SPECfp_rate95: The geometric mean of 10 normalized throughput ratios (one for each floating point benchmark) when compiled with aggressive optimization for each benchmark.
SPECfp_rate_base95: The geometric mean of 10 normalized throughput ratios (one for each floating point benchmark) when compiled with conservative optimization for each benchmark.

The ratio for each of the benchmarks are calculated a SPEC-determined reference time and the run time of the benchmark.

Q11: What is the difference between a "base" metric and a "non-base" metric?

A11: In order to provide comparisons across different computer hardware, SPEC had to provide the benchmarks as source code. Thus, in order to run the benchmarks, they must be compiled. There was agreement that the benchmarks should be compiled the way users compile programs. But how do users compile programs? On one side, people may experiment with many different compilers and compiler flags to achieve the best performance. On the other side, people may just compile with the basic options suggested by the compiler vendor. SPEC recognizes that they can not exactly match how everyone uses compilers, but two reference points are possible. The base metrics (i.e., "SPECint_base95") are required for all reported results and have set guidelines for compilation (i.e., the same flags must be used in the same order for all benchmarks). The non-base metrics (i.e., "SPECint95") are optional and have less strict requirement (i.e., different compiler options may be used on each benchmark.

A full description of the distinctions can be found in the SPEC95 Run and Reporting rules available with SPEC95.

Q12: What is the difference between a "rate" and a "non-rate" metric?

A12: There are several different ways to measure computer performance. One way is to measure how fast the computer completes a single task; this is a speed measure. Another way is to measure how many tasks a computer can accomplish in a certain amount of time; this is called a throughput, capacity or rate measure.

The SPEC speed metrics (i.e., SPECint95) are used for comparing the ability of a computer to complete single tasks. The SPEC rate measures (i.e., SPECint_rate95) the throughput or rate of a machine carrying out a number of tasks.

Q13: Why and/or when should I use SPEC95?

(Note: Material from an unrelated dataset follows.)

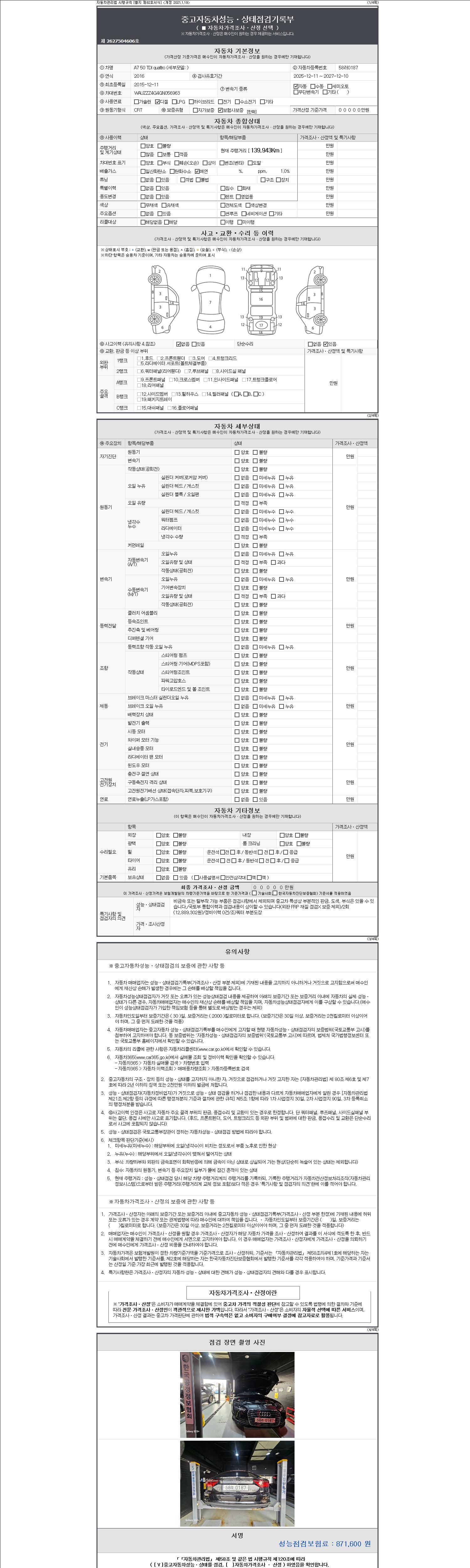 - 2. 차량 등록증이나 성능점검지 등을 상담자에게 요청및 확인하시고 사전에 미리 점검 하시기를 권유드립니다.

A13: Typically, the best measure of a system is your own application with your own workload. Unfortunately, it is often very difficult and expensive to get a wide base of reliable, repeatable and comparable measurements on different systems for your own application with your own workload. This may be due to time, money or other constraints. That's why benchmarks exist -- to act as a reference point for comparison. It's the same reason that EPA gas mileage exists although probably no driver in America gets exactly the EPA gas mileage. If you understand what benchmarks measure, they're useful. It's important to note that CINT95 and CFP95 are CPU-focused and not system focused benchmarks. These CPU benchmarks focus on only one portion of those factors that contribute to applications performance. An application whose bottleneck is say, graphics or network, will not be represented by these benchmarks. Understanding your own needs helps determine the relevance of the benchmarks.

Q14: Which metric should you use?

A14: As mentioned, this depends on your needs. SPEC provides the benchmarks and results as tools for you to use. You need to determine how you use a computer or what your performance requirements are, and then choose the appropriate SPEC benchmark or metrics.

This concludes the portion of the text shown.